Страница 124 из 161
— Ведь это же нестерпимо, когда тебя опекают, как малое дитя, или экзаменуют, как школьника! — жаловался Орас, обращаясь к Ларавиньеру. — Я не имею права уходить и возвращаться, когда мне вздумается, я должен спрашивать разрешения; а если я засижусь хоть немного, передо мной встает назначенный срок, как приговор, как точно установленная мера времени, отпущенного мне для развлечений. Это, право, забавно! Придется, видно, брать отпускное свидетельство и платить неустойку за каждую минуту опоздания.
— Вы же видите, как она страдает, — вполголоса заметил Ларавиньер.
— А я, черт возьми? Не думаете ли вы, что я блаженствую? — громко возразил Орас. — Что же, по-вашему, потакать этим выдуманным, нелепым страданиям, а моими подлинными, глубокими, возрастающими со дня на день муками можно пренебречь?

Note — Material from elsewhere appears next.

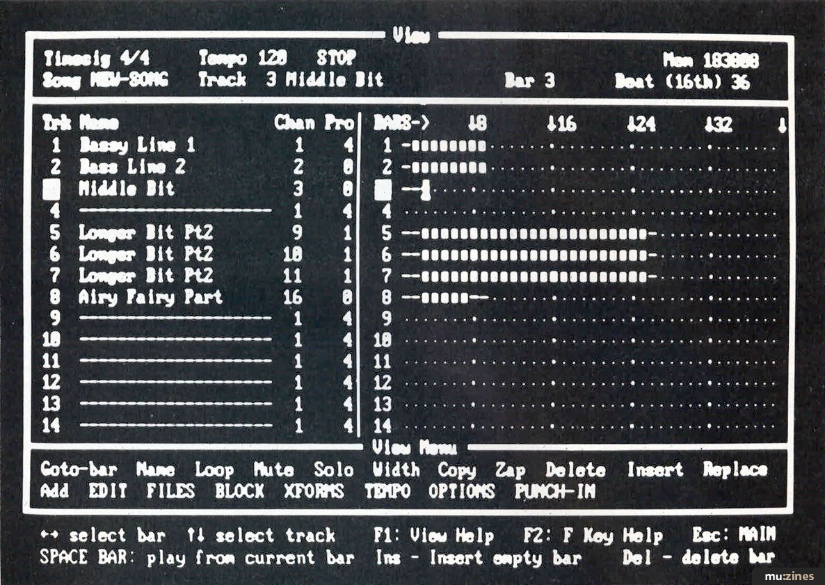 These four screens are at the heart of the program's editing facilities. In the View screen you can Copy, Delete, Move, Insert and Add bars. The program has six buffers and gives cut-and-paste a new meaning.
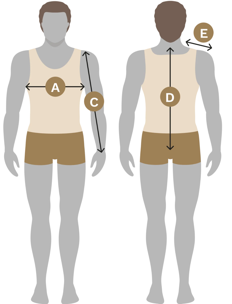 Measure from your underarms all the way round the circumference of your chest at the widest point, this will give you your chest size. A standard size Large would be a 44” chest for example, if you are an in-between size for example a 43” chest, we’d advise to go up a size rather than down – although this is YOUR choice.

— Значит, из-за меня вы несчастны, Орас? — сказала Марта, с суровой скорбью поднимая на него большие голубые глаза. — Не знала я, что это дело моих рук.
— Да, несчастен, — закричал он, — ужасно несчастен! Если вам угодно, я при Жане скажу, что из-за вашего вечного уныния мне опротивел собственный дом. Опротивел до того, что только вне дома я свободно дышу, я оживаю, прихожу в себя, а стоит лишь вернуться домой, как грудь моя сжимается и я чувствую, что умираю. Ваша любовь, Марта, давит меня как пресс, я от нее задыхаюсь. Вот почему с некоторых пор вы реже меня видите.
— Мне кажется, вы ошибаетесь, последовательность иная, — ответила Марта; оскорбленная гордость вернула ей самообладание. — Не моя постоянная печаль побуждает вас отлучаться из дому, а ваши постоянные отлучки вызывают мою печаль.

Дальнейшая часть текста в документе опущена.